---------- Data provided ----------

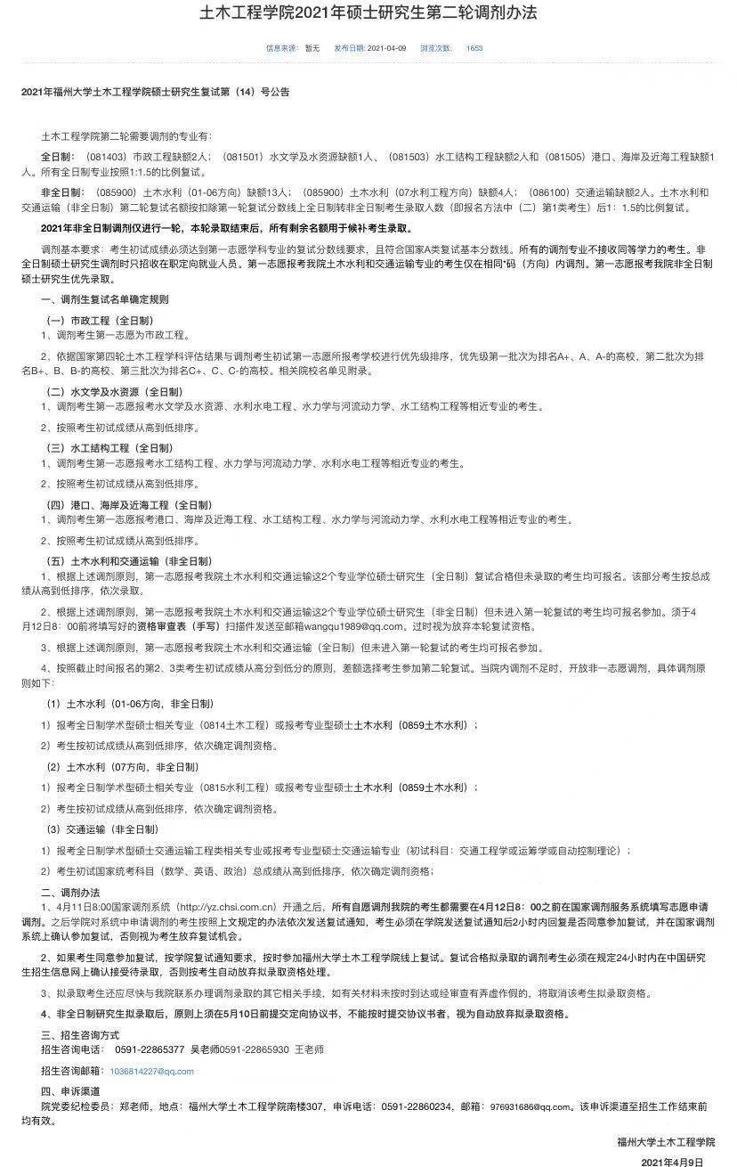 据悉,福州大学土木工程学院2021年硕士研究生第二轮调剂办法已公布,聚创福州大学考研网汇总信息如下:
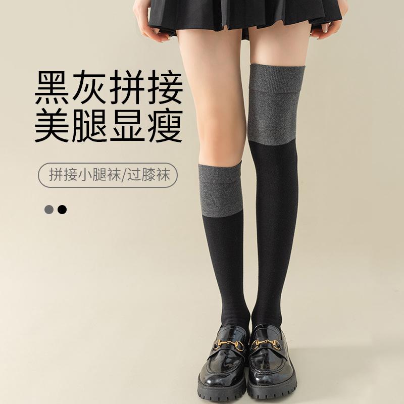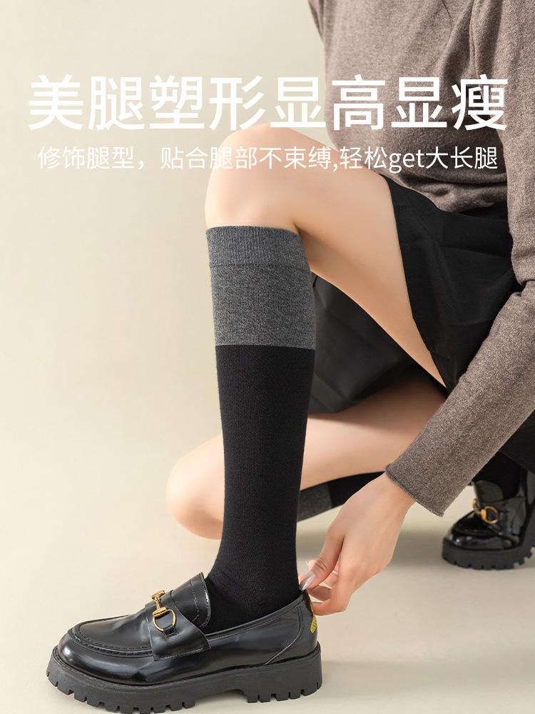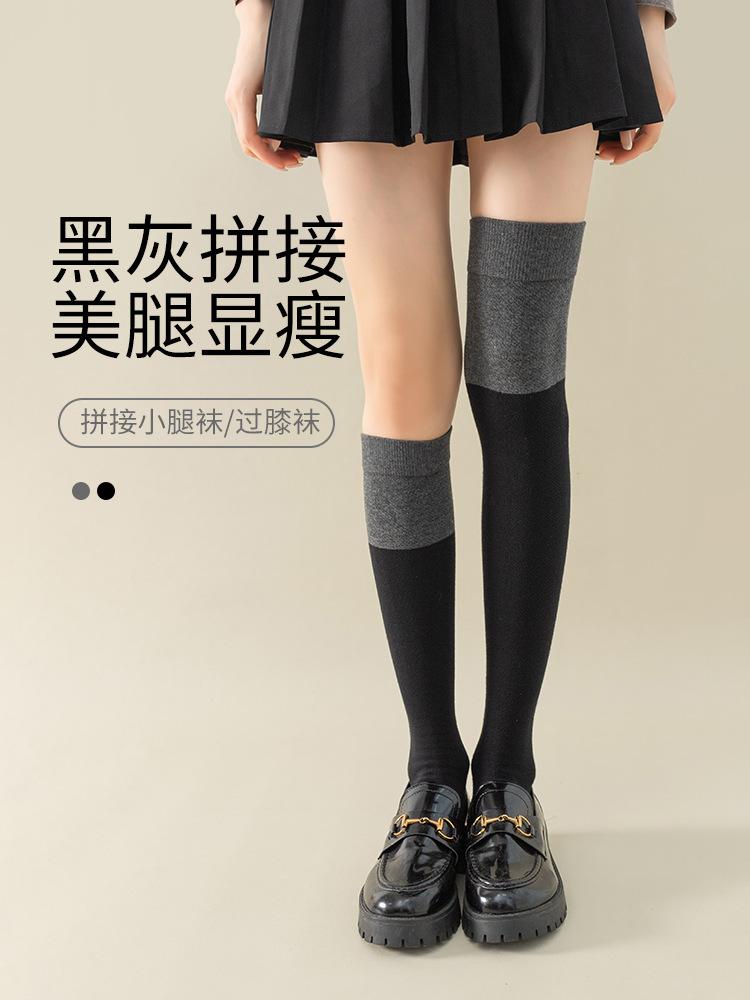 Calcetines hasta la rodilla con bloques de color para mujer, calcetines hasta la pantorrilla estilo universitario JK para primavera y otoño, calcetines adelgazantes de presión para estudiantes, estilo japonés para piernas hermosas
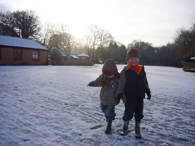 Today school was open and after what seemed like an age to get the boys dressed in appropriate winter clothing including welly boots, plus remembering to take shoes too, we left the house - late. Driving the car wasn't as bad as I thought, the snow had turned to slush for the most part and the temperature was above freezing so not too icy. I took my camera with me and we were greeted by this beautiful scene of the playground and the playing field beyond. The snow under foot gave a lovely crunchy sound when we walked on it and wasn't very slippy.
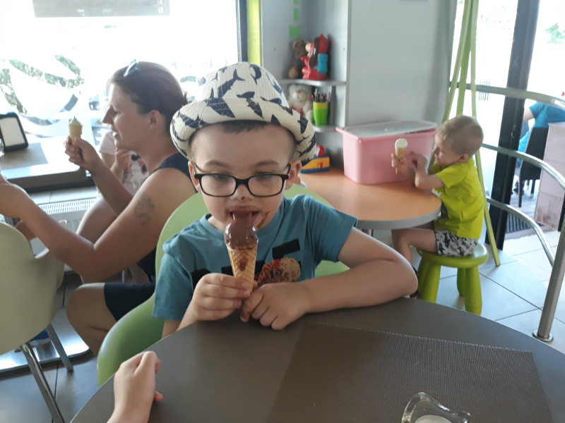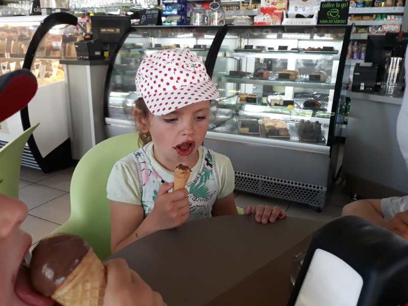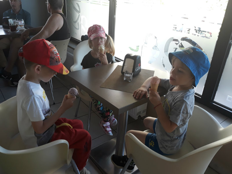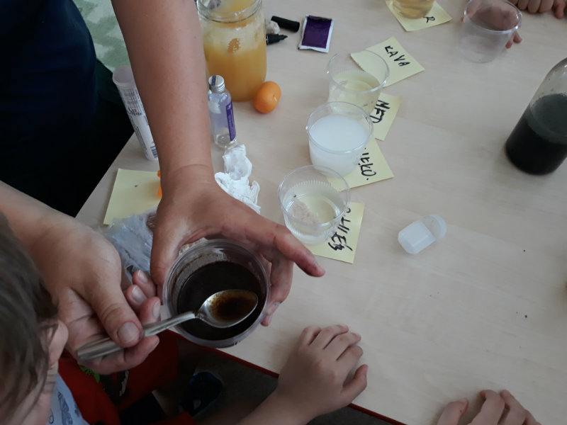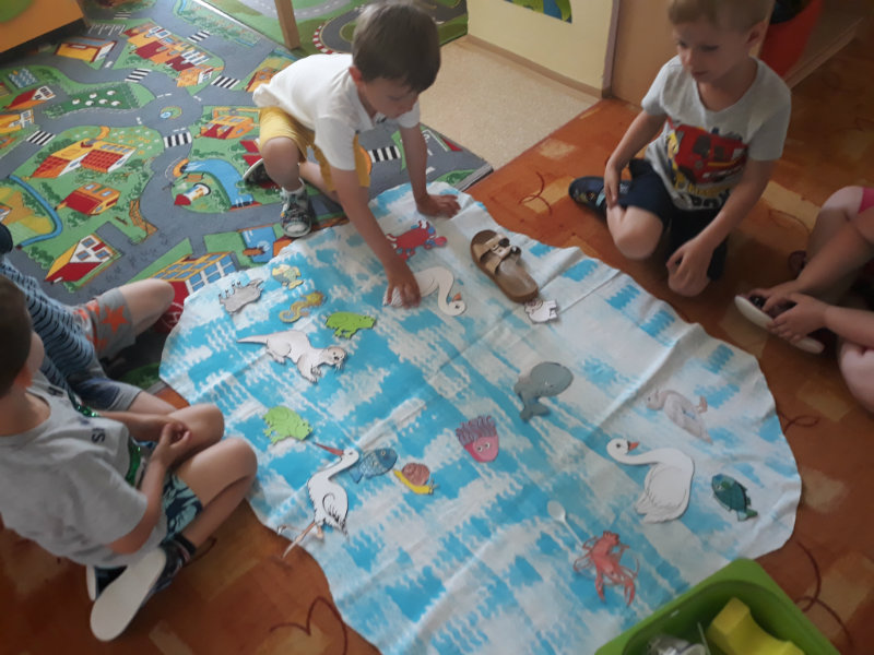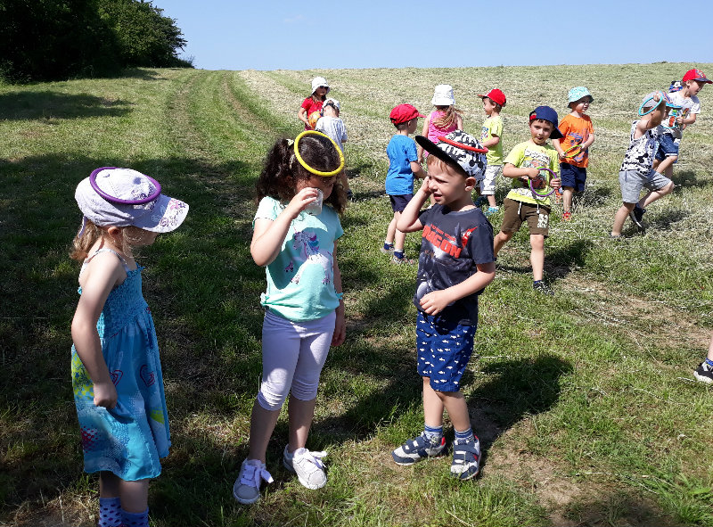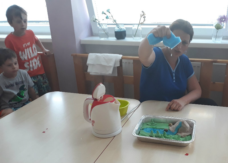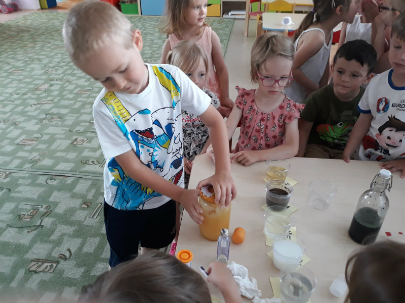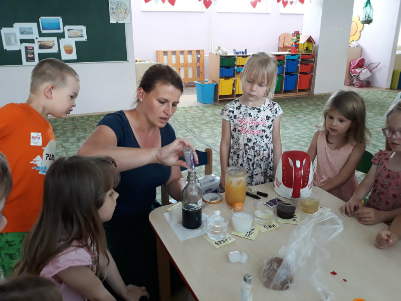 Posledný školský mesiac v roku JÚN sme začali sladkou pochúťkou. Vďaka p. J. Breštenskému si deti pri príležitosti Dňa detí vychutnali osviežujúcu zmrzlinu podľa vlastného výberu v príjemnom prostredí cukrárne. V tomto mesiaci sa počasie skutočne "predviedlo", a na zmrzlinu by sa dalo chodiť každý deň, takže téma O vode prišla práve vhod. Deti sa oboznámili o potrebe a spotrebe vody pre človeka, ako aj pre ostatnú prírodu. Prostredníctvom motivovaného príbehu "O Aničke Priesvitnej", pokusom s vyparovaním vody a piesňou Ako vznikajú mraky deti pochopili podstatu kolobehu vody, že voda je v oblakoch a v podobe dažďa padá na zem. Rozprávali sme si o premenách a úžitku vody. Skúmali a overovali, čo sa vode rozpustí, že rastliny pijú - nasávajú vodu korienkami, čím sme túto tému uzavreli myšlienkou - VODU POTREBUJÚ VŠETCI. Na turistickej vychádzke v blízkej prírode sme sa tiež museli osviežiť vodičkou, pretože nám slniečko doprialo pekné teplé počasie.
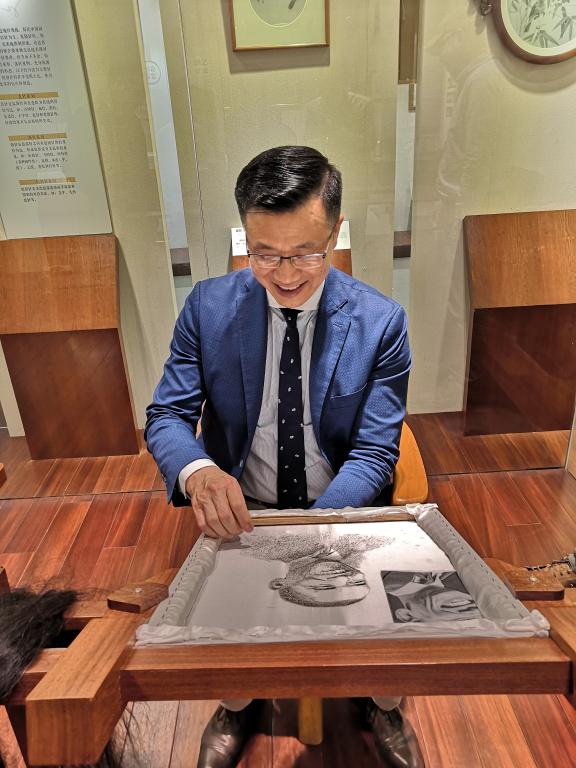 讲座之后,孙运之参观了公司发绣研究所和校园。党委书记谢树华,副董事长钱强与孙运之就“如何凝聚员工力量,发挥侨的优势,助力母校建设发展”展开亲切交流。

----------

(Task brief): Exactly as they appear, transcribe the lines from the top of the material above through the line with "Today school was". Omit any picture.

(Exercise answer):
 据悉,福州大学土木工程学院2021年硕士研究生第二轮调剂办法已公布,聚创福州大学考研网汇总信息如下:
 Calcetines hasta la rodilla con bloques de color para mujer, calcetines hasta la pantorrilla estilo universitario JK para primavera y otoño, calcetines adelgazantes de presión para estudiantes, estilo japonés para piernas hermosas
 Today school was open and after what seemed like an age to get the boys dressed in appropriate winter clothing including welly boots, plus remembering to take shoes too, we left the house - late. Driving the car wasn't as bad as I thought, the snow had turned to slush for the most part and the temperature was above freezing so not too icy. I took my camera with me and we were greeted by this beautiful scene of the playground and the playing field beyond. The snow under foot gave a lovely crunchy sound when we walked on it and wasn't very slippy.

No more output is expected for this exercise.